_INSTRUCTIONS TO FOLLOW:_ Give again only what runs from the line with "Наступили теплые деньки, а" to the final line of the entries below, exactly as written and without pictures.

• • • •

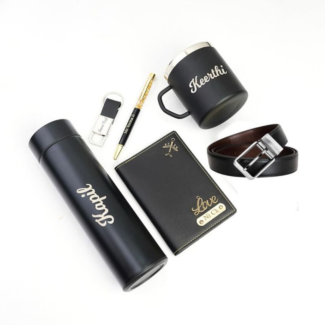 Make gifting personal and memorable with this all-in-one customized gift set! Perfect for birthdays, anniversaries, corporate giveaways, or special occasions, this set includes a personalized water bottle, coffee mug, passport cover, pen, keychain, and a stylish men’s belt. Each item can be customized with a name, initials, or a short message, adding a unique touch that shows you care. Crafted with high-quality materials, these products are both practical and stylish—perfect for daily use or keeping as a keepsake.
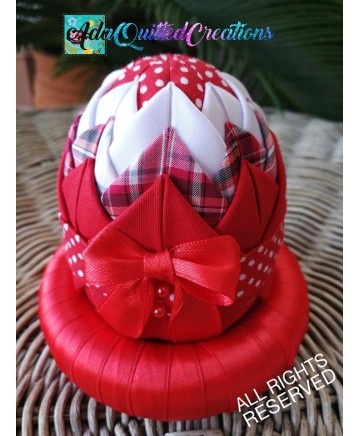 A beautiful shabby chic floral fabric on the back, red satin and green cotton on the sides embellished with red crystal beads! It also comes with its very own ribbon wreath base!!
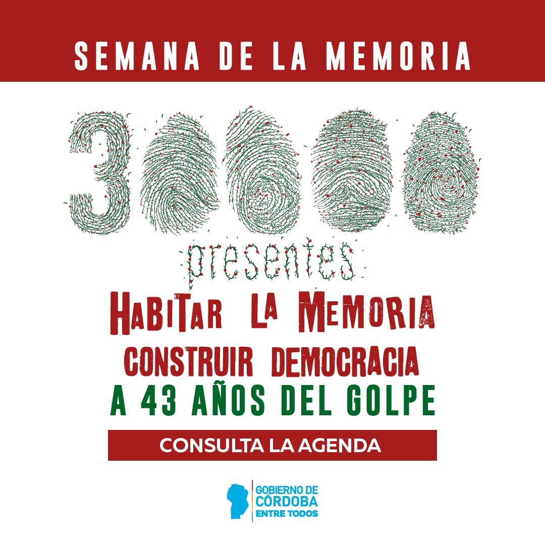 Este sábado 23 de marzo se realizará el “Festival por la Memoria”, en el marco de las actividades organizadas por el Gobierno de la Provincia de Córdoba para conmemorar el golpe cívico militar de 1976.
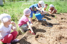 Наступили теплые деньки, а это значит, что огородная пора в самом разгаре. Ребята из группы №8 на своей грядке посадили кабачки, которые теперь радуют их своими выглянувшими листочками.
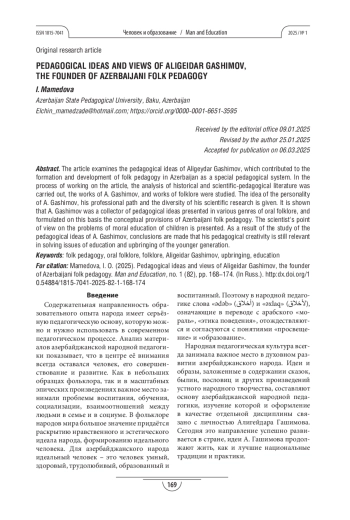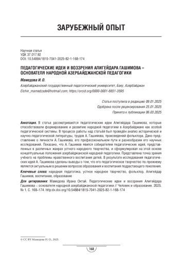 МАМЕДОВА И. О. ПЕДАГОГИЧЕСКИЕ ИДЕИ И ВОЗЗРЕНИЯ АЛИГЕЙДАРА ГАШИМОВА – ОСНОВАТЕЛЯ НАРОДНОЙ АЗЕРБАЙДЖАНСКОЙ ПЕДАГОГИКИ // ЧЕЛОВЕК И ОБРАЗОВАНИЕ. 2025. № 1 (82)
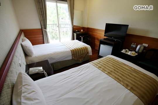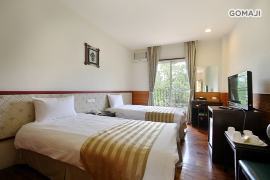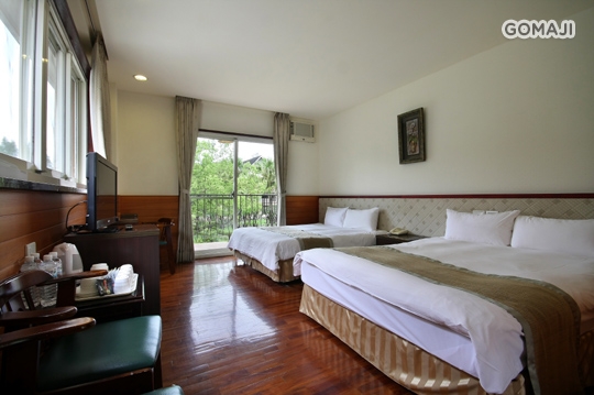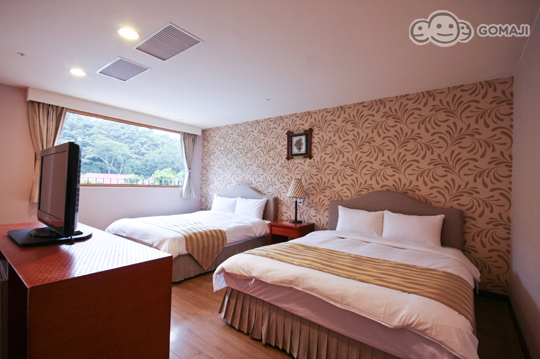 歐式房間典雅溫馨,採歐式裝修元素,視野採光極佳,每一扇窗景都是驚奇,部份房間寛敝有佈置小客廳,有別於一般飯店,可欣賞渡假村早晚不同的情景風貌。黃昏時雨景,水波潾影,建築物增溫渡假情感,如詩若夢。會館後方就是泳池,白日夜間兩樣情,讓人置身優勝美地。
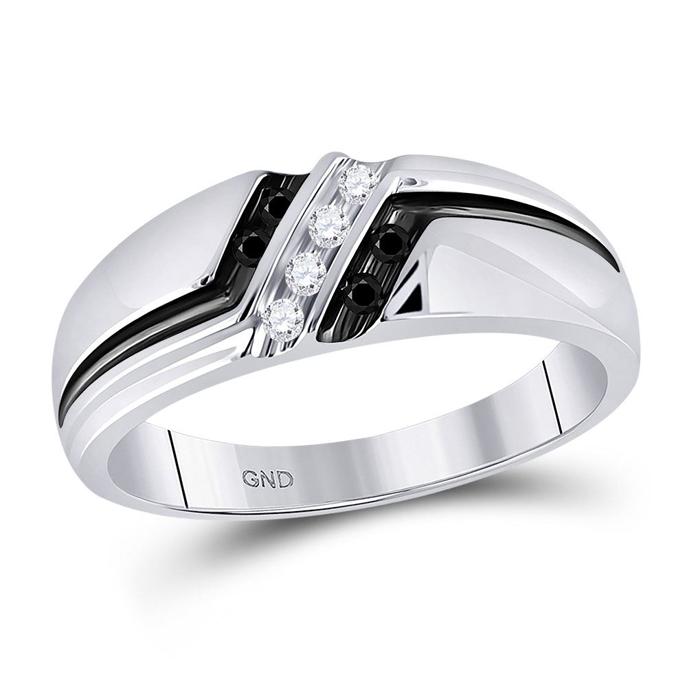 10kt White Gold Mens Round Black Color Enhanced Diamond Band Ring 1/5 Cttw.

• • • •

_SOLUTION FOR THIS EXERCISE:_
 Наступили теплые деньки, а это значит, что огородная пора в самом разгаре. Ребята из группы №8 на своей грядке посадили кабачки, которые теперь радуют их своими выглянувшими листочками.
 МАМЕДОВА И. О. ПЕДАГОГИЧЕСКИЕ ИДЕИ И ВОЗЗРЕНИЯ АЛИГЕЙДАРА ГАШИМОВА – ОСНОВАТЕЛЯ НАРОДНОЙ АЗЕРБАЙДЖАНСКОЙ ПЕДАГОГИКИ // ЧЕЛОВЕК И ОБРАЗОВАНИЕ. 2025. № 1 (82)
 歐式房間典雅溫馨,採歐式裝修元素,視野採光極佳,每一扇窗景都是驚奇,部份房間寛敝有佈置小客廳,有別於一般飯店,可欣賞渡假村早晚不同的情景風貌。黃昏時雨景,水波潾影,建築物增溫渡假情感,如詩若夢。會館後方就是泳池,白日夜間兩樣情,讓人置身優勝美地。
 10kt White Gold Mens Round Black Color Enhanced Diamond Band Ring 1/5 Cttw.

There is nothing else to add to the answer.